Once again set in a fictional South Eastern Asian nation largely inhabited by Mandarin speakers, Cheng Siyi’s action drama Striking Rescue (惊天大营救, jīng tiāndà yíngjiù) is a comeback vehicle for action star Tony Jaa who has mostly been relegated to cameos and supporting roles for the last decade or so. It’s also one of a string of recent films with a bee in its bonnet about the drugs trade, and a less obvious one about the powers of large corporations though in this case the fat cat turns out to be a good guy.
To begin with, we can’t be so sure about Bai An. A flashback reveals that his wife and daughter were just murdered in an apparent gangland killing, and now he wants revenge. After targeting a petty drug dealer, Bai An is told the man he’s looking for is He Yinghao (Philip Keung), the CEO of a phenomenally successful logistics business which has nevertheless been implicated for the smuggling of drugs. Something like this happened once before, but Yinghao is well connected and was able to make it go away just as he apparently has this time. Later he also reveals that his company is the only one that is exempt from customs checks, presumably because he’s bribed someone to make that happen.
We can’t really be sure about Yinghao, either. He doesn’t seem to know about the drugs but could be bluffing or attempting to shift the blame. His spiky teenage daughter Ting seemingly resents him for his authoritarian parenting and blames him for her mother’s death. She fires back at him that he behaves as if all problems can be solved with money, and she may have a point. After their convoy is attacked by drug gangs, Ting has no idea who to trust but continues to believe in her father’s innocence while unexpectedly teaming up with Bai, who wants to kill him, and trying to figure out what’s going on. The one thing she’s sure of is that she and her father really hate drugs because they caused her mother’s death, so if it really is him behind the local drugs trade then it’s even worse that she thought it would be.

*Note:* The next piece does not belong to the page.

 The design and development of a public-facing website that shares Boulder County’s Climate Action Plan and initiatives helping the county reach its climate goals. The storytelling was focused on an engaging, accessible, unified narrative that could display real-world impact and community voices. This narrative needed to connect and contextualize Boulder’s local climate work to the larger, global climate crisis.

As the truth is gradually revealed, it allows both men to reclaim their paternity as Jaa becomes a kind of surrogate father to Ting. He attempts to protect her from this very dangerous world of drug dealers and criminals, though it may not have been all that far from the otherwise life of luxury she was used to leading. Her driver, Wu, had already taught her some martial arts skills for protection while she’s bullied by the thuggish boys at school who pick on her for being Yinghao’s daughter and a foreigner. But it’s Bai An who seemingly shows her what real fatherhood is like, which ironically causes her to reevaluate her relationship with Yinghao. He in turn is somewhat redeemed by his righteousness in the face of the gangsters as opposed to a snivelling new reporter picked up by Clay and forced to choose which son to kill before being killed himself.

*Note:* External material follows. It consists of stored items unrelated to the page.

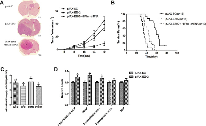 Figure 3: EZH2 is associated with to HIF1α-related metabolic reprogramming in intracranial glioma xenografts. (A) Representative micrographs of H&E staining sections of mouse brain 32 days after intracranial implantation of U251 cells transfected with pJAX-SC, pJAX-EZH2 or pJAX-EZH2+HIF1α-shRNA. Asterisks indicate tumors (scale bar, 1 mm). The line chart shows the estimated tumor volumes at the indicated times (Nsc = 20, NEZH2 = 21, NEZH2+ HIF1α-shRNA= 20 ). (B) Curves showing the survival rates of the engrafted mice (Nsc = 16, NEZH2 = 15, NEZH2+ HIF1α-shRNA=12 ). (C) Levels of EZH2, HK2, PKM2 and PFK1 mRNA in the xenograft tumors. Data are presented as the mean ± s.d. from three independent experiments. *P < 0.05, **P < 0.01. (D) Levels of glycolytic intermediates. Data are presented as the mean ± s.d. from three independent experiments. *P < 0.05.
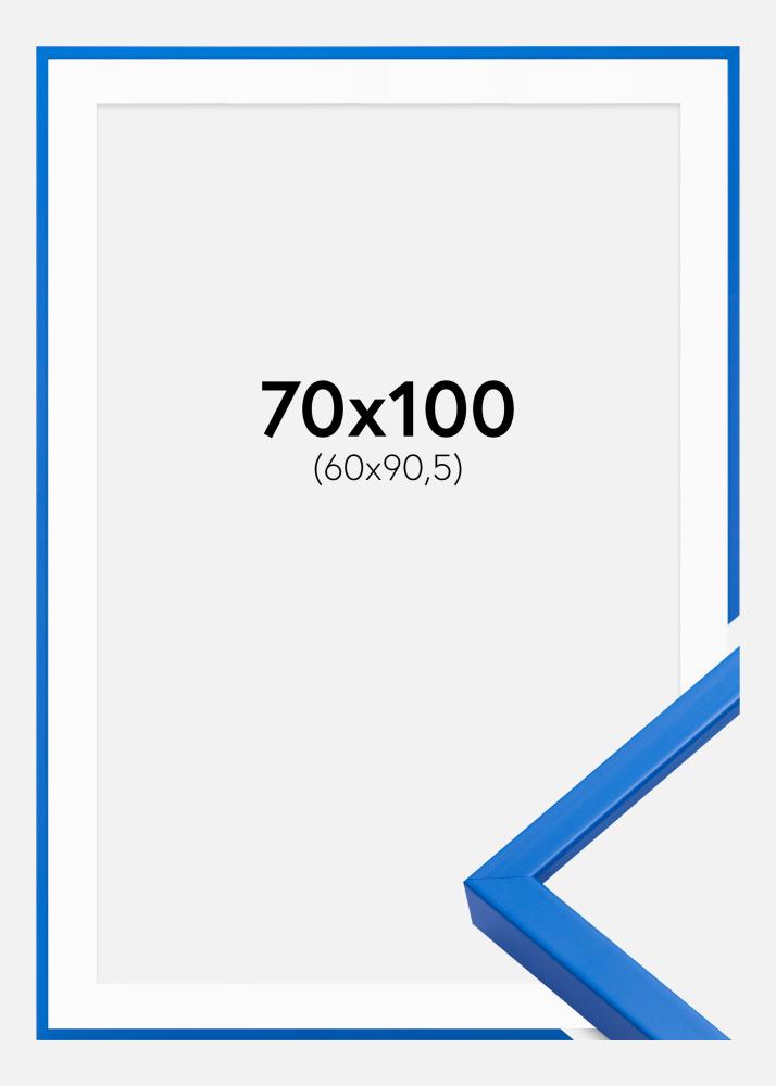 Rahmen E-Line Blau 70x100 cm - Passepartout Weiß 61x91,5 cm
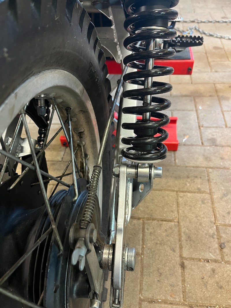 Hinten ist eine DR 500 Schwinge drin. Der Umbau übersteigt meine Fähigkeiten, das hat Meinold Müller gemacht. Wer das Weserbergland nicht kennt: geniale Motorradgegend, dann bei Meinold eine Pause machen und die Schätze in seinem Laden bestaunen, da kommt man ins träumen ...
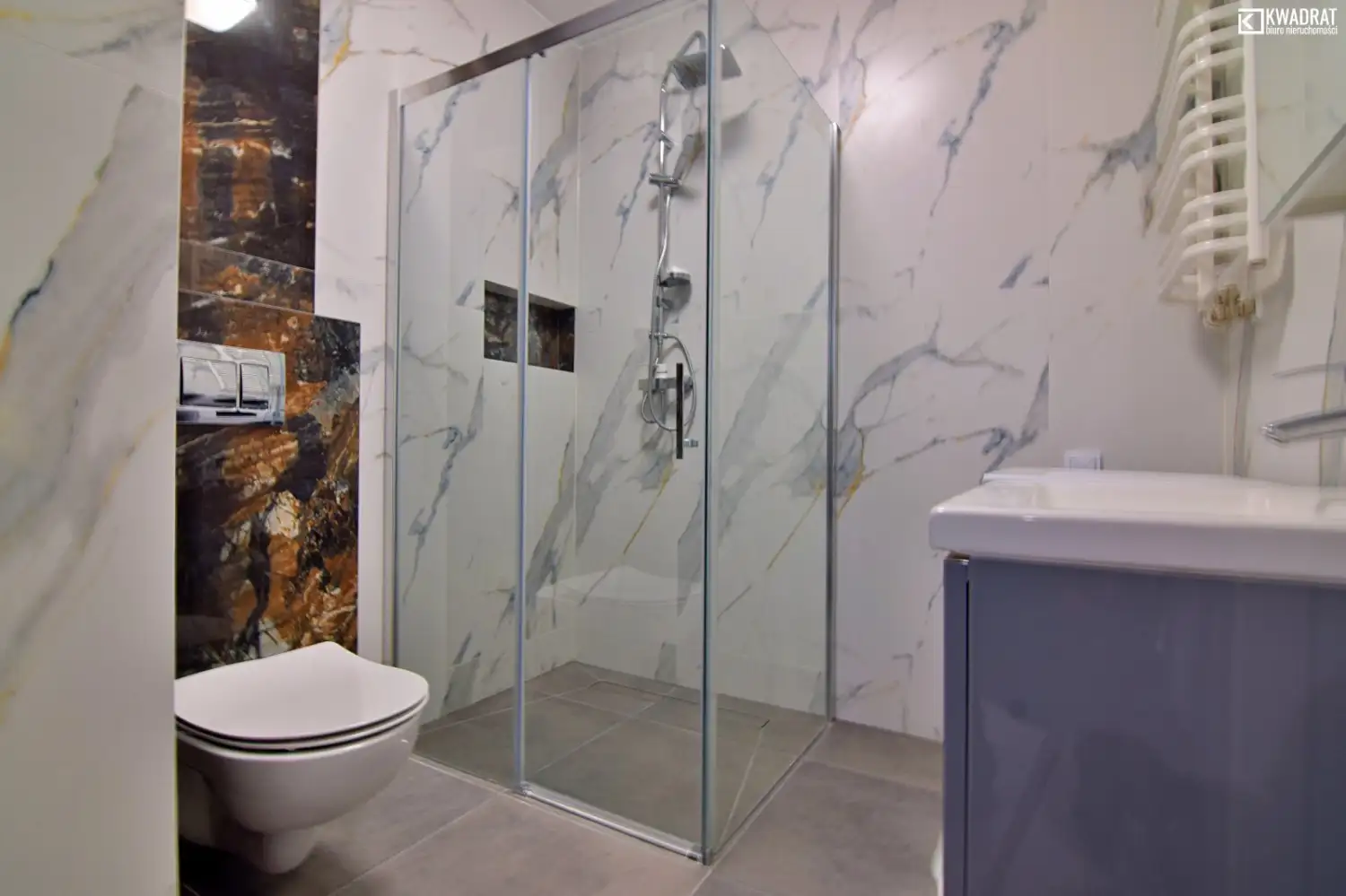 - łazienka z prysznicem typu walk-in,

Making Yinghao the hero may be a slightly awkward fit given that his business interests do not appear to be all above board which is one reason why he relocated here rather than stay in China where, the implication is, he wouldn’t have gotten away with it for so long. Indeed, the film ends with a series of title cards explaining that all of the wrongdoers, including Bai, were caught and punished. Nevertheless, as Bai later reminds us, it’s every man’s dream to be a hero to his daughter and both men have now a claim on “heroism”, at least in the eyes of the idealistic Ting. Though he could not save his own daughter, Bai steps in to protect Ting on several occasions. Fighting off hordes of thugs and one very weird female assassin, Jaa gets the opportunity to show off his martial arts skills once again while relentlessly pursuing his revenge and quest for answers about the death of his wife and child. But it’s also this defence of her that allows him to reconnect with his humanity and reclaim his image of himself as a father even while mired in his grief and anger towards a world full of corruption and betrayal.
Striking Rescue is available digitally in the US from April and on blu-ray from May 15 courtesy of Well Go USA.